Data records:
***
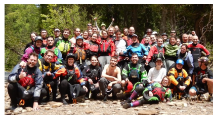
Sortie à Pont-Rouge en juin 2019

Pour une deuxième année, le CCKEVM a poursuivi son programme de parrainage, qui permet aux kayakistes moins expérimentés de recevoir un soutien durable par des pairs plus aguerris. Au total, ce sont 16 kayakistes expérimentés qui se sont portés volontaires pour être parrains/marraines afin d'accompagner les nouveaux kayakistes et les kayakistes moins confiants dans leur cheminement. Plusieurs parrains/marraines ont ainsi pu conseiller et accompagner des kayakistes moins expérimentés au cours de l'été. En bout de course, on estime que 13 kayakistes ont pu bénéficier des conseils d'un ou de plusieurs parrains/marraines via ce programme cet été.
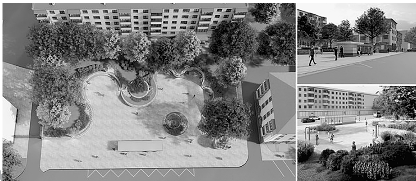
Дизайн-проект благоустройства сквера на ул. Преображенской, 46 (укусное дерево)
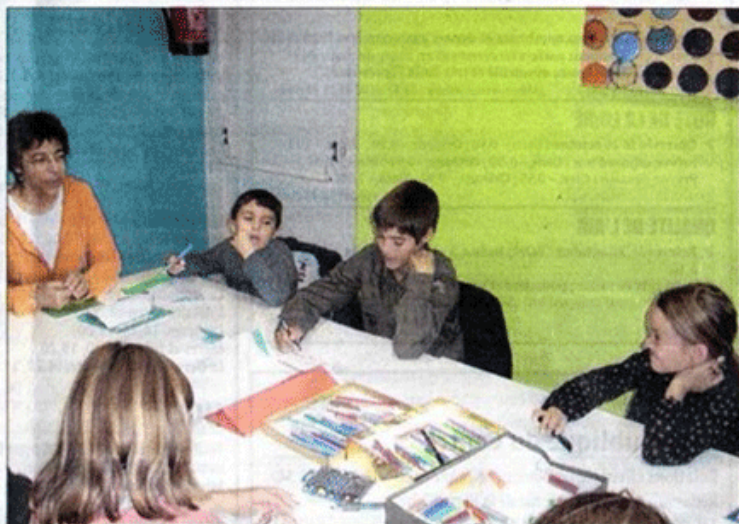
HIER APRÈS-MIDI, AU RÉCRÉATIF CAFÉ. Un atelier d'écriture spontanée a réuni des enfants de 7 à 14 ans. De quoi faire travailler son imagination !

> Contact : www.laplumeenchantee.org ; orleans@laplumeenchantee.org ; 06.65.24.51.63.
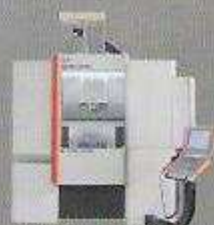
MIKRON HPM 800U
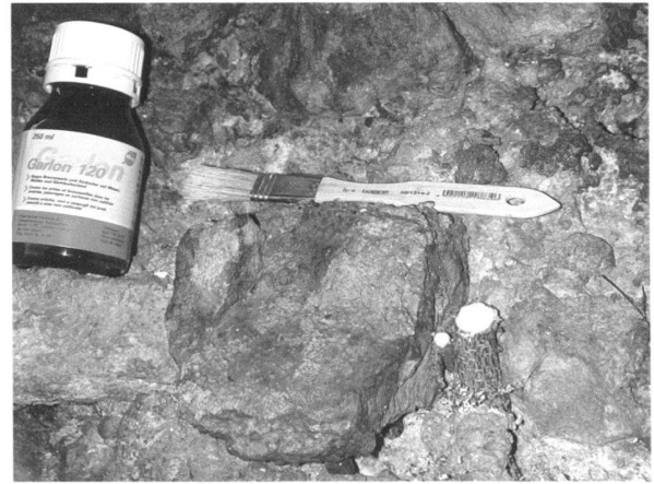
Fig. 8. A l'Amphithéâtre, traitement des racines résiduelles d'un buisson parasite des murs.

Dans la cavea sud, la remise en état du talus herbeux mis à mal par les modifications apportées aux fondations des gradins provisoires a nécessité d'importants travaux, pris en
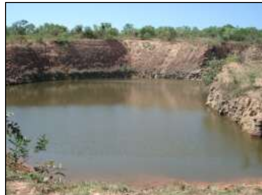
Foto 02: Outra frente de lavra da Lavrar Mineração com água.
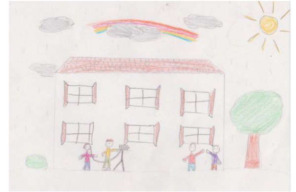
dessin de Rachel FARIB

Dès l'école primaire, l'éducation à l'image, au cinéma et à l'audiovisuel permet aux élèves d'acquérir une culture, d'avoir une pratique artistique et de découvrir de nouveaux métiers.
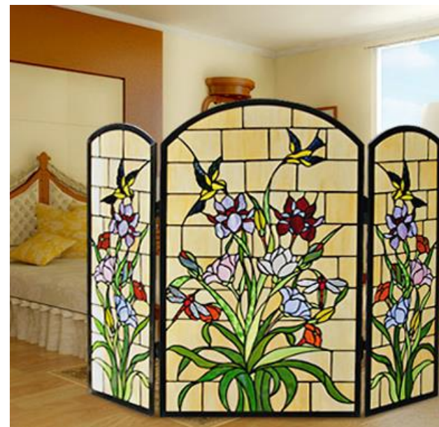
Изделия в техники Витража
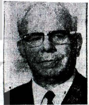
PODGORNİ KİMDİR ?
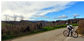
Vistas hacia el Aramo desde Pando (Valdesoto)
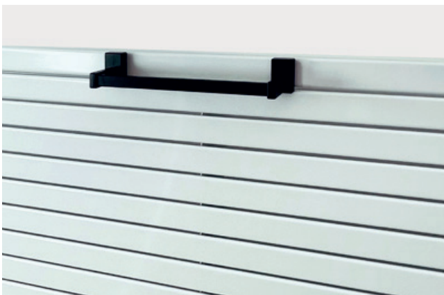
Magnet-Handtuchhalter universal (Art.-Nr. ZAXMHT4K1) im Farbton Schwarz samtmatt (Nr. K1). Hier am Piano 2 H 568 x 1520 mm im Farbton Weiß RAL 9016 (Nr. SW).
***
WHAT YOU HAVE TO DO
Whenever a line of the data above holds the word "nouveaux", it counts once; report the total number of such lines and nothing more.

SOLUTION TO THE EXERCISE
2